Vellum is coming to the AI Engineering World's Fair in SF. Come visit our booth and get a live demo!

Zero-Shot vs Few-Shot prompting: A Guide with Examples

Exploring zero-shot & few-shot prompting: usage, application methods, and limits.

7 min
Written by
Reviewed by
No items found.

There are various techniques for improving your model's answers, including zero-shot prompting and few-shot prompting.

This guide will cover the basics of these methods, when to use them, and their limitations.

What is Zero-Shot prompting?

Zero-shot prompting provides no examples and lets the model figure things out on its own. It relies solely on the model's pre-training data and training techniques to generate a response. The response may not be completely perfect but will likely be coherent.

Here’s an example prompt that we ran with GPT-4.

Prompt:

Classify the text into neutral, negative or positive.

Text: I think the food is okay.

Sentiment:

Result
Neutral

Note that the prompt above didn’t give any instructions to the LLM about how to classify a sentiment. This goes to show that the model understands “sentiment” and can answer this question with zero-shot prompting.

With a broad enough knowledge base and understanding of language, LLMs can generate coherent responses for a number of new tasks using zero shot prompting.

If zero-shot doesn’t work for your example, it’s recommended to use few-shot prompting.

What is Few-Shot prompting?

Few-shot prompting is a method where you use a few examples in your prompt to guide language models (like GPT-4) to learn new tasks quickly. Rather than retraining an entire model from scratch, you use your context window to provide a few examples to improve the model’s performance.

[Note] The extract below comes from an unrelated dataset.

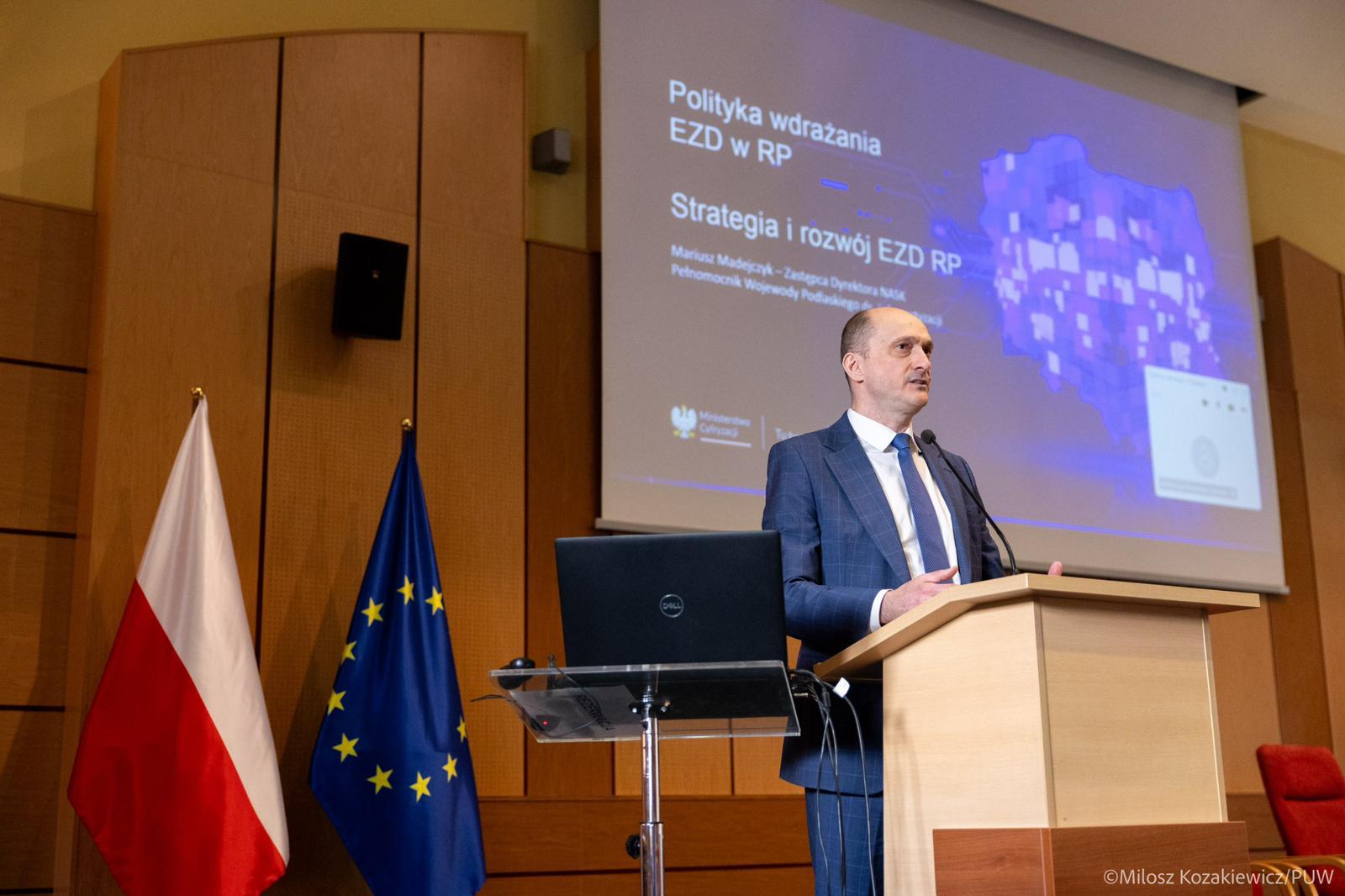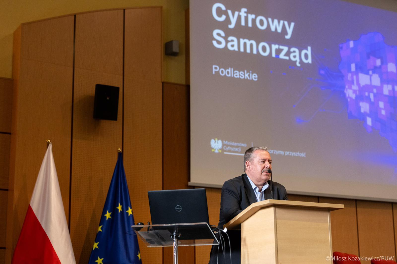 Cyfryzacja usług publicznych, wdrażanie sztucznej inteligencji w administracji oraz budowa kompetencji cyfrowych urzędników - to główne tematy spotkania „Cyfrowy samorząd - Podlaskie”, które odbyło się w Podlaskim Urzędzie Wojewódzkim. Przedstawiciele Ministerstwa Cyfryzacji oraz samorządowcy rozmawiali o tym, jak technologia może ułatwić życie mieszkańcom, przy zachowaniu najwyższych standardów bezpieczeństwa. Uczestników przywitał wojewoda Jacek Brzozowski.
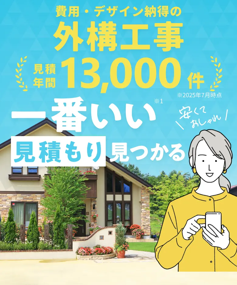 タウンライフエクステリアが厳選した業者への一括見積もりにより、外構工事の費用を抑えることができます。

With the latest models and bigger context window sizes, this technique is even more useful.

Here’s a few-shot prompt example.

Prompt
Classify the text into neutral, negative or positive.
Below are some correctly labeled responses.

Text: Yikes! That’s a tricky one
Sentiment: Neutral

Text: Amazing.. That’s just amazing. I can’t believe what he did to you :(
Sentiment: Negative

Text: Horrifying, but story-worthy experience to tell my grandsons about.
Sentiment: Neutral

Text: It could be better, but it’s still better than the rest of them.
Sentiment:

Result
Positive

This is a very simple example, but depending on your task these can get more complex for the model to understand.

In the next section, we look at two examples that are easy for humans, but more challenging for a language model to categorize.

Zero-Shot vs Few-Shot prompting (with examples)

Below we showcase two complex sentiment analysis examples that might be wrongly classified with zero-shot prompting. But, if similar examples are provided in a few-shot prompt, the model will learn and will correctly classify new similar ones.

Phrase with negation

Prompt
Classify the text into neutral, negative or positive.
Text: I do not dislike horror movies.

Sentiment:

Result
Neutral

This one is tricky because we used a phrase with negation and it confuses the model to assume that this statement has a neutral sentiment, where in reality the sentiment is positive.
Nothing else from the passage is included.